GIVEN DATA:
====

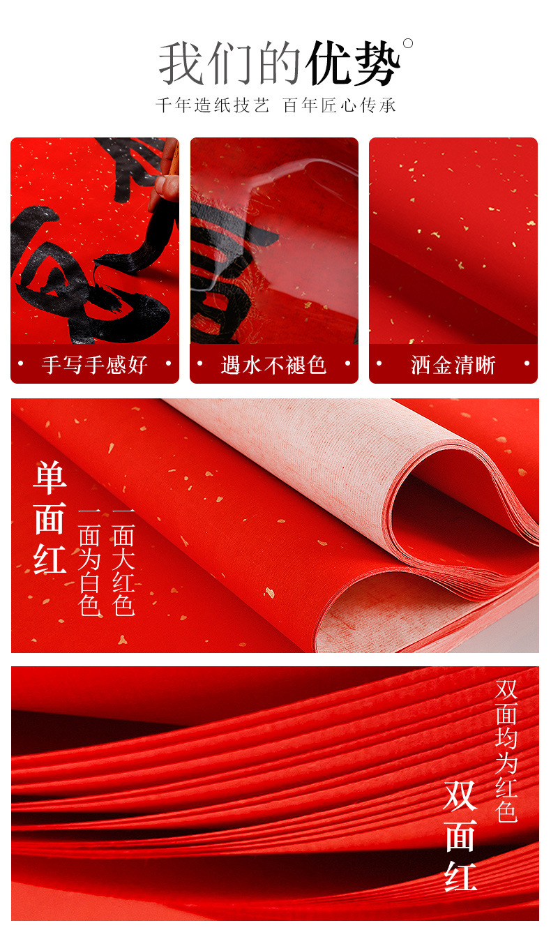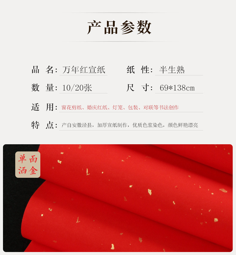红纸万年红宣纸对联纸四尺六尺A3A4自写春联结婚乔迁剪纸厂家批货
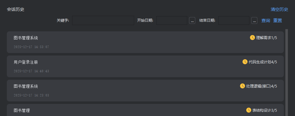 会话历史记录将保存曾经生成过的源码,您可以通过查看历史记录来获取原始需求、任务当前的节点等相关信息。这样可以帮助您追踪每次生成的任务详情和进展。
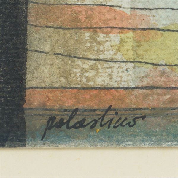 17,5x12 cm."Senza titolo", tecnica mista su carta, firmata in basso al centro, entro cornice
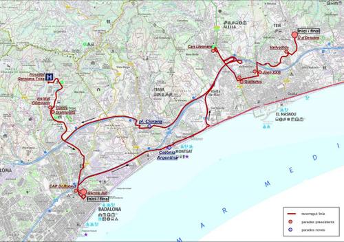 Amb la connexió amb Montgat, el servei tindrà un total de 10 parades d’anada i 8 de tornada. A Alella, el bus té parada a Guilleries i a Can Lleonart. A Teià en té dues parades (a la plaça de l’1 d’Octubre i a la rotonda de Vallbellida) i una al Masnou (a l’avinguda de Joan XXIII). A Badalona, a més de Can Ruti, també hi ha parada a l’Institut Guttman, a la residència per a disminuïts psíquics Can Ruti, al carrer del Germà Juli-Prim (al costat dels jutjats) i al CAP Dr. Robert-President Companys.

====

WHAT YOU WILL DO:
Every line above gets copied exactly; none of the pictures do.

FINAL ANSWER:
红纸万年红宣纸对联纸四尺六尺A3A4自写春联结婚乔迁剪纸厂家批货
 会话历史记录将保存曾经生成过的源码,您可以通过查看历史记录来获取原始需求、任务当前的节点等相关信息。这样可以帮助您追踪每次生成的任务详情和进展。
 17,5x12 cm."Senza titolo", tecnica mista su carta, firmata in basso al centro, entro cornice
 Amb la connexió amb Montgat, el servei tindrà un total de 10 parades d’anada i 8 de tornada. A Alella, el bus té parada a Guilleries i a Can Lleonart. A Teià en té dues parades (a la plaça de l’1 d’Octubre i a la rotonda de Vallbellida) i una al Masnou (a l’avinguda de Joan XXIII). A Badalona, a més de Can Ruti, també hi ha parada a l’Institut Guttman, a la residència per a disminuïts psíquics Can Ruti, al carrer del Germà Juli-Prim (al costat dels jutjats) i al CAP Dr. Robert-President Companys.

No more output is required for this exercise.